O presidente Jair Bolsonaro (PSL-RJ) derrubou o dispositivo que previa o aumento da pena mínima para o traficante que comandar organização criminosa de cinco para oito anos de reclusão — com pena máxima de quinze anos. A alteração previa em um de seus incisos uma redução de pena de 1/6 a 1/3 se “as circunstâncias do fato e a quantidade de droga apreendida demonstrarem o menor potencial lesivo da conduta”.  A notícia foi publicada pela página digital da revista Veja.

O veto presidencial ocorreu em meio a sanção presidencial da  lei que altera o Sistema Nacional de Políticas Públicas sobre Drogas (Sisnad). Ela  recebeu 22 vetos de Jair Bolsonaro (PSL). A principal novidade da norma é a possibilidade de internação involuntária, sem o consentimento do dependente químico por até três meses. O projeto foi aprovado no dia 15 de maio pelo Senado.

Porém, de acordo com a revista, com o veto do presidente Bolsonaro, o  governo acabou aprovando uma proposta que ficou mais benéfica ao tráfico do que aquela que estava sendo discutida pelo Senado. A  redação original da Lei de Drogas previa um tratamento muito menos favorável aos réus que não são primários, não tenham bons antecedentes e que integrem as organizações criminosas. A mudança foi feita com aval do Ministério da Justiça e da Cidadania, que é comandado pelo ex-juiz Sérgio Moro.

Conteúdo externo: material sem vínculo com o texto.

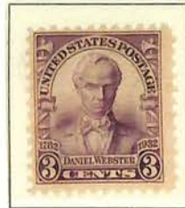
#725 Daniel Webster

No texto em vigor, a Lei de Drogas prevê, em seu artigo 33, a pena de cinco a quinze anos de prisão para quem é acusado de tráfico de drogas, mas nada fala em agravamento da pena para quem comanda organização criminosa. O mesmo dispositivo em vigor também prevê a redução de pena de 1/6 a 1/3 só para réus primários, com bons antecedentes e que não participe de organização criminosa. Ou seja: a quantidade de droga apreendida não é — nem será — um fator para permitir a redução de pena.